Source material:
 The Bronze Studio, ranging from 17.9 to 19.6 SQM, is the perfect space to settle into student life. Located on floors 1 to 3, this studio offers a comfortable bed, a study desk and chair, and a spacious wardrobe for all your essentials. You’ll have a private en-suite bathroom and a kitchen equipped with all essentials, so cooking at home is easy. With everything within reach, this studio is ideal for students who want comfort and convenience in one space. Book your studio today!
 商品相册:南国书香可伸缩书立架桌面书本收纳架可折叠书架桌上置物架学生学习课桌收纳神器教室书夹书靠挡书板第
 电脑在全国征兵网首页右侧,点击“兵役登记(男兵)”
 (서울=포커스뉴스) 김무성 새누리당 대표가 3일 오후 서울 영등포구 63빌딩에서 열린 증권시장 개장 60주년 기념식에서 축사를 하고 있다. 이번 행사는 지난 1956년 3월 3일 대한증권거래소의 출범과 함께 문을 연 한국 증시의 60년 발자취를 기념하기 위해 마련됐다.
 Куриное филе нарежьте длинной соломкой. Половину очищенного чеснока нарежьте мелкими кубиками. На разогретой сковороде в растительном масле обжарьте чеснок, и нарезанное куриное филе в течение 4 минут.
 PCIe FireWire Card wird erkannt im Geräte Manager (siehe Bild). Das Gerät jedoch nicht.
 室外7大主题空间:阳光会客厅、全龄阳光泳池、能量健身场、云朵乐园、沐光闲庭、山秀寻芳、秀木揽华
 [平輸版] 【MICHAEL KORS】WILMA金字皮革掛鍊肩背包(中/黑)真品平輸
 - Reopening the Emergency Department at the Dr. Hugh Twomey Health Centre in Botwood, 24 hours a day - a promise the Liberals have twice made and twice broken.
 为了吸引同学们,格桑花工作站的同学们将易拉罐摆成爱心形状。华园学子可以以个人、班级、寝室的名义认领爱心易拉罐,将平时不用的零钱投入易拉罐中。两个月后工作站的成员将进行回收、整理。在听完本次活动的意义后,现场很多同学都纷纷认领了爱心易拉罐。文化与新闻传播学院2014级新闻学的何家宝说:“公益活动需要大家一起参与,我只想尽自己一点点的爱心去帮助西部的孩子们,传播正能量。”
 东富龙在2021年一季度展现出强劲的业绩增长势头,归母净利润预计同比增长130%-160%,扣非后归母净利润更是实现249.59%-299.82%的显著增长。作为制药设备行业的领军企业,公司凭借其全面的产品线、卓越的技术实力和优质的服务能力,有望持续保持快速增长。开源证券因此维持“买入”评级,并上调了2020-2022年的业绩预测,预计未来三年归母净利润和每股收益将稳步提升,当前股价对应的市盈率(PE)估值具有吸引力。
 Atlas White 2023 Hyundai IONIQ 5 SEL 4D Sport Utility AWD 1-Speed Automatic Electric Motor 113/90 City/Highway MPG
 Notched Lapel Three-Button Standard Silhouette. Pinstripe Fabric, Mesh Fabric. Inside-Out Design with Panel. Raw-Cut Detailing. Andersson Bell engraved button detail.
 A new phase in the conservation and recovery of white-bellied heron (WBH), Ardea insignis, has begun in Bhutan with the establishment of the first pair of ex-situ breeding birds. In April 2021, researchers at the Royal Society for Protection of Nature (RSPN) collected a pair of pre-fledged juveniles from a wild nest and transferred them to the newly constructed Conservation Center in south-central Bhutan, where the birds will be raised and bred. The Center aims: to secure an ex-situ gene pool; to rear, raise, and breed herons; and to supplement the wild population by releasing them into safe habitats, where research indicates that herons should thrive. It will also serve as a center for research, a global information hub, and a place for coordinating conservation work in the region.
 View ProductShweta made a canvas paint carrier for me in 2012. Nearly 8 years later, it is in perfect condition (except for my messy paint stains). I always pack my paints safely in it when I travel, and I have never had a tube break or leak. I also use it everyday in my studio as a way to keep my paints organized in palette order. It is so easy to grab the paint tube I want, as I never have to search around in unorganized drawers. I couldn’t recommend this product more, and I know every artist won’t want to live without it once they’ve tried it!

---

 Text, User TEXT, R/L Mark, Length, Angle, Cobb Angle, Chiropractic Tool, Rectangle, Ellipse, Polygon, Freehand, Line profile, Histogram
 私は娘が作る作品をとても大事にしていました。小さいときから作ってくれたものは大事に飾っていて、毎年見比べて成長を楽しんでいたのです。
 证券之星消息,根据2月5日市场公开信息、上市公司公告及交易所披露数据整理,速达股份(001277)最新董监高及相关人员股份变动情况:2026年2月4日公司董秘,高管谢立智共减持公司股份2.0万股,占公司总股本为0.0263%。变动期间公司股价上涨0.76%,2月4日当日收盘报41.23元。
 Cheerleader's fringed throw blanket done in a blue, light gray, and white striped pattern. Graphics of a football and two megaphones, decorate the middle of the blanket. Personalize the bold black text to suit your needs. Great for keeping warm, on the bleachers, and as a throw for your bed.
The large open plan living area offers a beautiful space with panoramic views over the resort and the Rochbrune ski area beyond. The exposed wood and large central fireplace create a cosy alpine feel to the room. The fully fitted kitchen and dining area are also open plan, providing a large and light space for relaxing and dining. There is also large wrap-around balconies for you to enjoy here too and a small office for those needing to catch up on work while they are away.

Problem description:
Above are some lines. Repeat exactly, and only, those from the line that has "The Bronze Studio, ranging" through the line that has "Atlas White 2023".

Answer box:
 The Bronze Studio, ranging from 17.9 to 19.6 SQM, is the perfect space to settle into student life. Located on floors 1 to 3, this studio offers a comfortable bed, a study desk and chair, and a spacious wardrobe for all your essentials. You’ll have a private en-suite bathroom and a kitchen equipped with all essentials, so cooking at home is easy. With everything within reach, this studio is ideal for students who want comfort and convenience in one space. Book your studio today!
 商品相册:南国书香可伸缩书立架桌面书本收纳架可折叠书架桌上置物架学生学习课桌收纳神器教室书夹书靠挡书板第
 电脑在全国征兵网首页右侧,点击“兵役登记(男兵)”
 (서울=포커스뉴스) 김무성 새누리당 대표가 3일 오후 서울 영등포구 63빌딩에서 열린 증권시장 개장 60주년 기념식에서 축사를 하고 있다. 이번 행사는 지난 1956년 3월 3일 대한증권거래소의 출범과 함께 문을 연 한국 증시의 60년 발자취를 기념하기 위해 마련됐다.
 Куриное филе нарежьте длинной соломкой. Половину очищенного чеснока нарежьте мелкими кубиками. На разогретой сковороде в растительном масле обжарьте чеснок, и нарезанное куриное филе в течение 4 минут.
 PCIe FireWire Card wird erkannt im Geräte Manager (siehe Bild). Das Gerät jedoch nicht.
 室外7大主题空间:阳光会客厅、全龄阳光泳池、能量健身场、云朵乐园、沐光闲庭、山秀寻芳、秀木揽华
 [平輸版] 【MICHAEL KORS】WILMA金字皮革掛鍊肩背包(中/黑)真品平輸
 - Reopening the Emergency Department at the Dr. Hugh Twomey Health Centre in Botwood, 24 hours a day - a promise the Liberals have twice made and twice broken.
 为了吸引同学们,格桑花工作站的同学们将易拉罐摆成爱心形状。华园学子可以以个人、班级、寝室的名义认领爱心易拉罐,将平时不用的零钱投入易拉罐中。两个月后工作站的成员将进行回收、整理。在听完本次活动的意义后,现场很多同学都纷纷认领了爱心易拉罐。文化与新闻传播学院2014级新闻学的何家宝说:“公益活动需要大家一起参与,我只想尽自己一点点的爱心去帮助西部的孩子们,传播正能量。”
 东富龙在2021年一季度展现出强劲的业绩增长势头,归母净利润预计同比增长130%-160%,扣非后归母净利润更是实现249.59%-299.82%的显著增长。作为制药设备行业的领军企业,公司凭借其全面的产品线、卓越的技术实力和优质的服务能力,有望持续保持快速增长。开源证券因此维持“买入”评级,并上调了2020-2022年的业绩预测,预计未来三年归母净利润和每股收益将稳步提升,当前股价对应的市盈率(PE)估值具有吸引力。
 Atlas White 2023 Hyundai IONIQ 5 SEL 4D Sport Utility AWD 1-Speed Automatic Electric Motor 113/90 City/Highway MPG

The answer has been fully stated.